Action item: Only those lines in the data below from the line containing "Teplotní čidlo je" through the line containing "Bà Trần Thị", both included, should be restated word for word.

Records for this task:
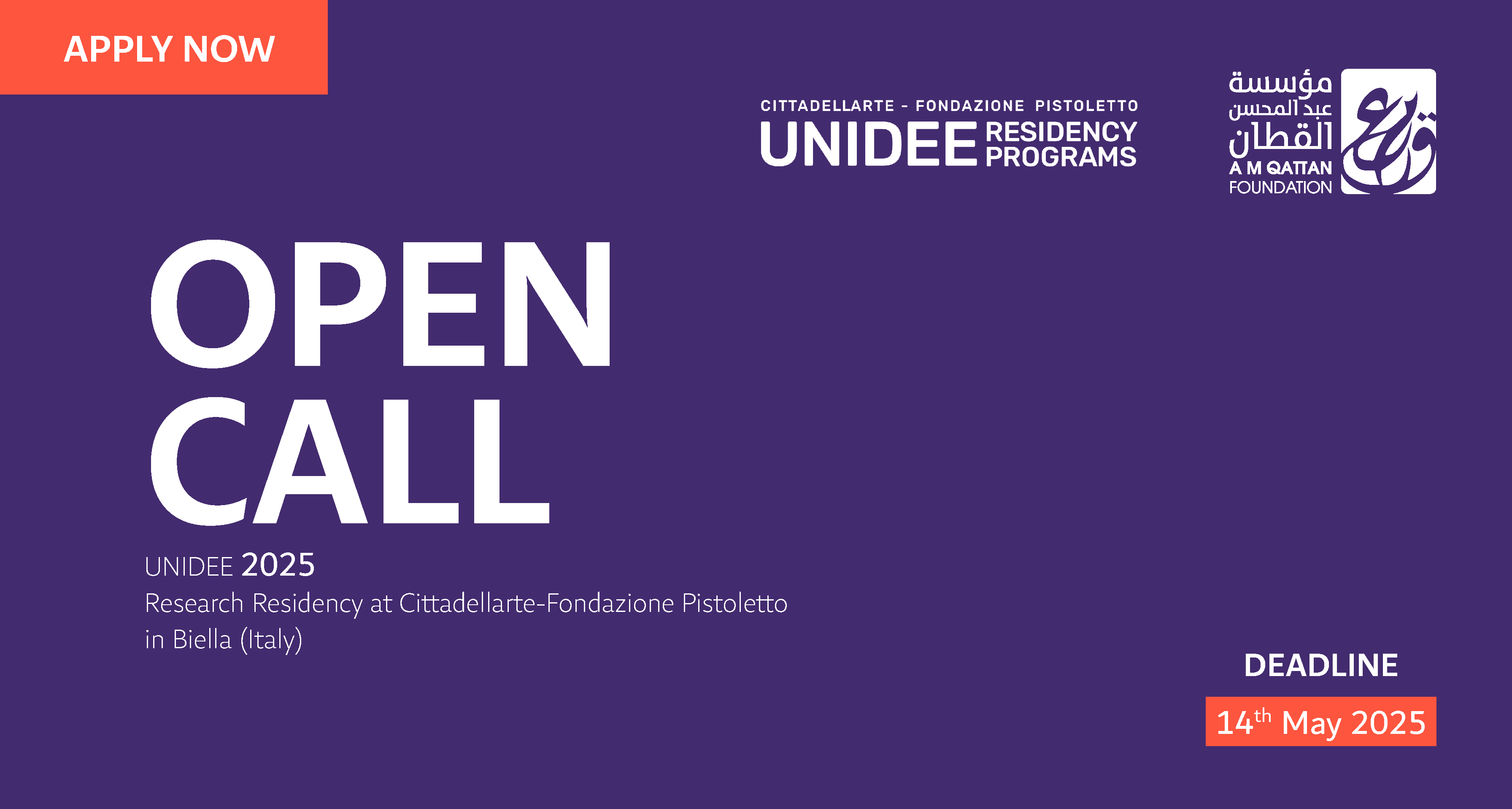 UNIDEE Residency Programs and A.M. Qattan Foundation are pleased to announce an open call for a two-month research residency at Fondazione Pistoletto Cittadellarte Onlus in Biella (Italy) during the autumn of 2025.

==

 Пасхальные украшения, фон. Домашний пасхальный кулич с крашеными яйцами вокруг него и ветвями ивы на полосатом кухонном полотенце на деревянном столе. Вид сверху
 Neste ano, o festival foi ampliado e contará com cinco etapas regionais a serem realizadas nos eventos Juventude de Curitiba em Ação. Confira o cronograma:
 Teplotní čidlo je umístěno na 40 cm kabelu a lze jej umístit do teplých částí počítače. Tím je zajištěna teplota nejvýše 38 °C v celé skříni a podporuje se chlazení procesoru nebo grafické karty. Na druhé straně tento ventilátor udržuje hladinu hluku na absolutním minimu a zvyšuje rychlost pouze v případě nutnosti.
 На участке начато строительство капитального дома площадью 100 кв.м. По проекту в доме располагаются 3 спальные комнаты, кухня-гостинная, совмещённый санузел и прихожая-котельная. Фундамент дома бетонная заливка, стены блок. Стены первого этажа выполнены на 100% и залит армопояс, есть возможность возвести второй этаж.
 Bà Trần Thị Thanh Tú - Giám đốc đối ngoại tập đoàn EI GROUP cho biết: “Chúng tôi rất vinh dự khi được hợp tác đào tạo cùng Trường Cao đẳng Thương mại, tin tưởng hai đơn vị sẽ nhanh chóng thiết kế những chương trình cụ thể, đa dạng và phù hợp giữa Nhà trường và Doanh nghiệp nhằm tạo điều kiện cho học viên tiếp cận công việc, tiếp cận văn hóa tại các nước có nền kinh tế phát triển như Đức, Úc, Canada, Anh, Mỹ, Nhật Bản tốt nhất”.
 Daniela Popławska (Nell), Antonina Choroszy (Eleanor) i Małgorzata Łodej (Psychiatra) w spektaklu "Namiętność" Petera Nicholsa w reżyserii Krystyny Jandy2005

Answer to the problem:
 Teplotní čidlo je umístěno na 40 cm kabelu a lze jej umístit do teplých částí počítače. Tím je zajištěna teplota nejvýše 38 °C v celé skříni a podporuje se chlazení procesoru nebo grafické karty. Na druhé straně tento ventilátor udržuje hladinu hluku na absolutním minimu a zvyšuje rychlost pouze v případě nutnosti.
 На участке начато строительство капитального дома площадью 100 кв.м. По проекту в доме располагаются 3 спальные комнаты, кухня-гостинная, совмещённый санузел и прихожая-котельная. Фундамент дома бетонная заливка, стены блок. Стены первого этажа выполнены на 100% и залит армопояс, есть возможность возвести второй этаж.
 Bà Trần Thị Thanh Tú - Giám đốc đối ngoại tập đoàn EI GROUP cho biết: “Chúng tôi rất vinh dự khi được hợp tác đào tạo cùng Trường Cao đẳng Thương mại, tin tưởng hai đơn vị sẽ nhanh chóng thiết kế những chương trình cụ thể, đa dạng và phù hợp giữa Nhà trường và Doanh nghiệp nhằm tạo điều kiện cho học viên tiếp cận công việc, tiếp cận văn hóa tại các nước có nền kinh tế phát triển như Đức, Úc, Canada, Anh, Mỹ, Nhật Bản tốt nhất”.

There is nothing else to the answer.